▶ [Task to carry out]
A word-for-word copy of the records below is required.

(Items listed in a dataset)

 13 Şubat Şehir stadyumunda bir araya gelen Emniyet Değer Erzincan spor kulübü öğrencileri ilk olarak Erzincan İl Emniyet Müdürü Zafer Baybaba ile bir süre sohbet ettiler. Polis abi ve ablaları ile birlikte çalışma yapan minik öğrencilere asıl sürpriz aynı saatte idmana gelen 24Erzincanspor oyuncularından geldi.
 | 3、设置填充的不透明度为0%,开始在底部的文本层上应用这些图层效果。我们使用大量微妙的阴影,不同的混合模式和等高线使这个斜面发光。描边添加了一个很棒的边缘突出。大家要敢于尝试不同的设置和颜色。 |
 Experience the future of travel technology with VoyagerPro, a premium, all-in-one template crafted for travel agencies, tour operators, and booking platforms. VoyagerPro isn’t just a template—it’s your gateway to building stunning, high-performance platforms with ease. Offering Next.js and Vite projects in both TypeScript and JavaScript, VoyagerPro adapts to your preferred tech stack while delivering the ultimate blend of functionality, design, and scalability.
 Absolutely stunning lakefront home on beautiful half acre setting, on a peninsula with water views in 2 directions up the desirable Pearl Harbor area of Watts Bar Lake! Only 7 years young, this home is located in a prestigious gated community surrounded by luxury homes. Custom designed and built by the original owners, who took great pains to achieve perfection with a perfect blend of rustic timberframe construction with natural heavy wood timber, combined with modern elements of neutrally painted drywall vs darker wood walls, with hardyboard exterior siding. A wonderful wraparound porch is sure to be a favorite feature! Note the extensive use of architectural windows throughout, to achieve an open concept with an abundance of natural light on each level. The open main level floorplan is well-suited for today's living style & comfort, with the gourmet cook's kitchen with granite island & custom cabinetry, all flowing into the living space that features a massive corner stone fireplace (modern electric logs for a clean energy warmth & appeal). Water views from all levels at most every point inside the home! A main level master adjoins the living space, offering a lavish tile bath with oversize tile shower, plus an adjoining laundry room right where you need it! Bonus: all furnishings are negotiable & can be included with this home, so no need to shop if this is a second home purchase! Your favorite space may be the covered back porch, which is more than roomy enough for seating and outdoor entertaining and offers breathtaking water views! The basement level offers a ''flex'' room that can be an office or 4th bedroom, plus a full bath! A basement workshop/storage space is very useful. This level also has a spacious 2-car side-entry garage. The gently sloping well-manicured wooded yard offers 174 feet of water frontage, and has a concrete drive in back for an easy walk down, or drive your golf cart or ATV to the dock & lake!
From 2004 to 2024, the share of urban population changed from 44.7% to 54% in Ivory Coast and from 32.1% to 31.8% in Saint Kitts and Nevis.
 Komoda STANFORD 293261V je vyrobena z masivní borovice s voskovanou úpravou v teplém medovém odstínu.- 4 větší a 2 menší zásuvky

▶ [Result of this exercise]
 13 Şubat Şehir stadyumunda bir araya gelen Emniyet Değer Erzincan spor kulübü öğrencileri ilk olarak Erzincan İl Emniyet Müdürü Zafer Baybaba ile bir süre sohbet ettiler. Polis abi ve ablaları ile birlikte çalışma yapan minik öğrencilere asıl sürpriz aynı saatte idmana gelen 24Erzincanspor oyuncularından geldi.
 | 3、设置填充的不透明度为0%,开始在底部的文本层上应用这些图层效果。我们使用大量微妙的阴影,不同的混合模式和等高线使这个斜面发光。描边添加了一个很棒的边缘突出。大家要敢于尝试不同的设置和颜色。 |
 Experience the future of travel technology with VoyagerPro, a premium, all-in-one template crafted for travel agencies, tour operators, and booking platforms. VoyagerPro isn’t just a template—it’s your gateway to building stunning, high-performance platforms with ease. Offering Next.js and Vite projects in both TypeScript and JavaScript, VoyagerPro adapts to your preferred tech stack while delivering the ultimate blend of functionality, design, and scalability.
 Absolutely stunning lakefront home on beautiful half acre setting, on a peninsula with water views in 2 directions up the desirable Pearl Harbor area of Watts Bar Lake! Only 7 years young, this home is located in a prestigious gated community surrounded by luxury homes. Custom designed and built by the original owners, who took great pains to achieve perfection with a perfect blend of rustic timberframe construction with natural heavy wood timber, combined with modern elements of neutrally painted drywall vs darker wood walls, with hardyboard exterior siding. A wonderful wraparound porch is sure to be a favorite feature! Note the extensive use of architectural windows throughout, to achieve an open concept with an abundance of natural light on each level. The open main level floorplan is well-suited for today's living style & comfort, with the gourmet cook's kitchen with granite island & custom cabinetry, all flowing into the living space that features a massive corner stone fireplace (modern electric logs for a clean energy warmth & appeal). Water views from all levels at most every point inside the home! A main level master adjoins the living space, offering a lavish tile bath with oversize tile shower, plus an adjoining laundry room right where you need it! Bonus: all furnishings are negotiable & can be included with this home, so no need to shop if this is a second home purchase! Your favorite space may be the covered back porch, which is more than roomy enough for seating and outdoor entertaining and offers breathtaking water views! The basement level offers a ''flex'' room that can be an office or 4th bedroom, plus a full bath! A basement workshop/storage space is very useful. This level also has a spacious 2-car side-entry garage. The gently sloping well-manicured wooded yard offers 174 feet of water frontage, and has a concrete drive in back for an easy walk down, or drive your golf cart or ATV to the dock & lake!
From 2004 to 2024, the share of urban population changed from 44.7% to 54% in Ivory Coast and from 32.1% to 31.8% in Saint Kitts and Nevis.
 Komoda STANFORD 293261V je vyrobena z masivní borovice s voskovanou úpravou v teplém medovém odstínu.- 4 větší a 2 menší zásuvky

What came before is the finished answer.